Your output must be the lines below from the line containing "男性向けラノベタイトル風あだ名 | 『いいじまあおりの憂鬱』 |" to the line containing "The next major", both lines included, reproduced exactly and without pictures.

**Input data**.
------------------------------------------------------------

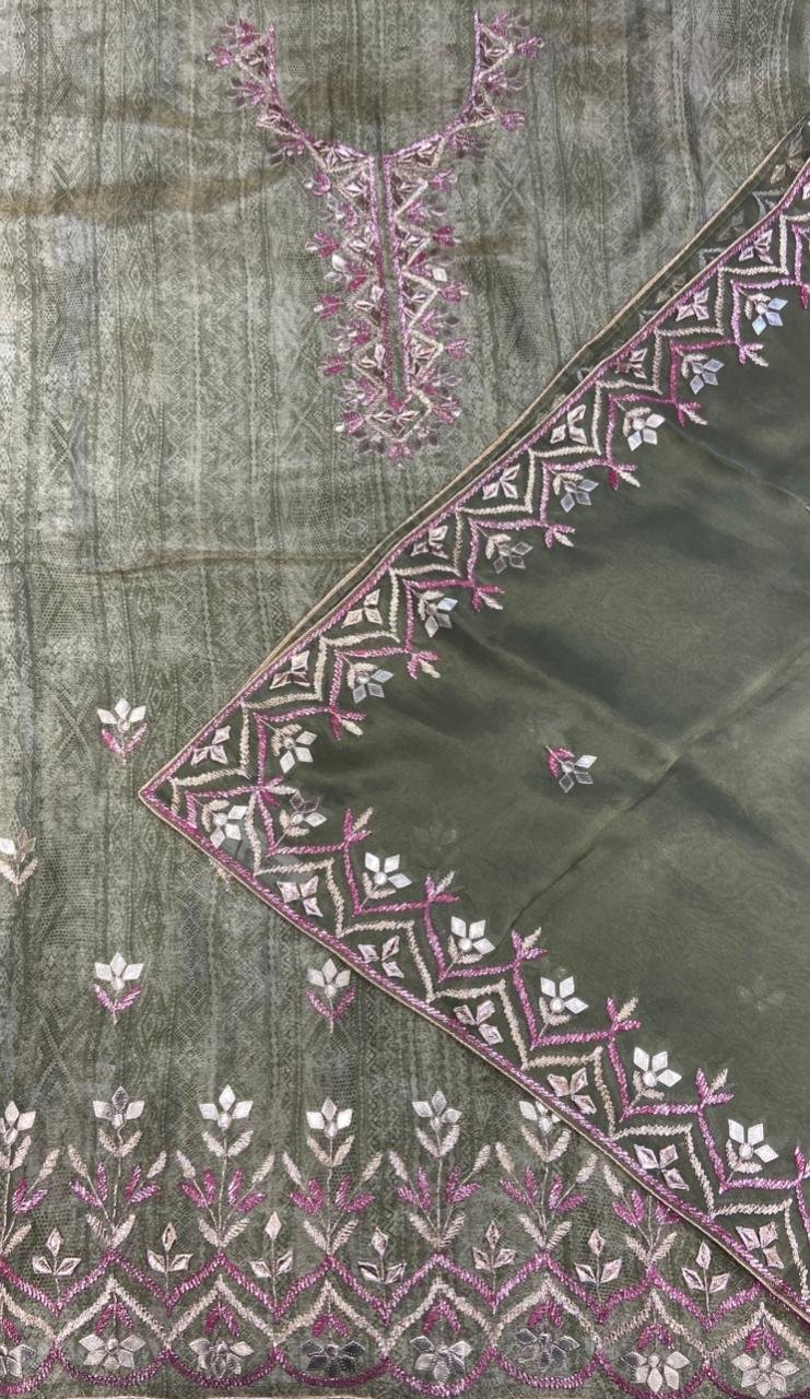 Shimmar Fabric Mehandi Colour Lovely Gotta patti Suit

------------------------------------------------------------

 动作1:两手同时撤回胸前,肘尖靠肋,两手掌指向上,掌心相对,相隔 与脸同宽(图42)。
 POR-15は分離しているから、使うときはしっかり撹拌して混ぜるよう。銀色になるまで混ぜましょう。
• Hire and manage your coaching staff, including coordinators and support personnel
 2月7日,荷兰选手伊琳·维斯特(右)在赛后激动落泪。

------------------------------------------------------------

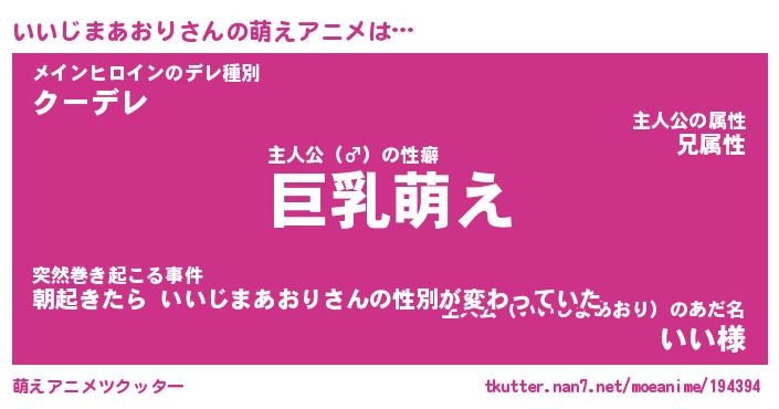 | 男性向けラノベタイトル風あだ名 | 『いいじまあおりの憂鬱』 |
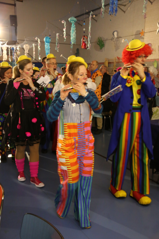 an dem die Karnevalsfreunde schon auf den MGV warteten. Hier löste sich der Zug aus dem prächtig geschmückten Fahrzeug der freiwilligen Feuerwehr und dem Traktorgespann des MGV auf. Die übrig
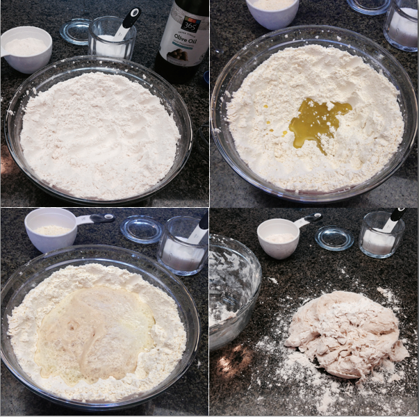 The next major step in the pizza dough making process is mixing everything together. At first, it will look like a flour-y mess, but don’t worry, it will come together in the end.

------------------------------------------------------------

**Answer for the task**.
 | 男性向けラノベタイトル風あだ名 | 『いいじまあおりの憂鬱』 |
 an dem die Karnevalsfreunde schon auf den MGV warteten. Hier löste sich der Zug aus dem prächtig geschmückten Fahrzeug der freiwilligen Feuerwehr und dem Traktorgespann des MGV auf. Die übrig
 The next major step in the pizza dough making process is mixing everything together. At first, it will look like a flour-y mess, but don’t worry, it will come together in the end.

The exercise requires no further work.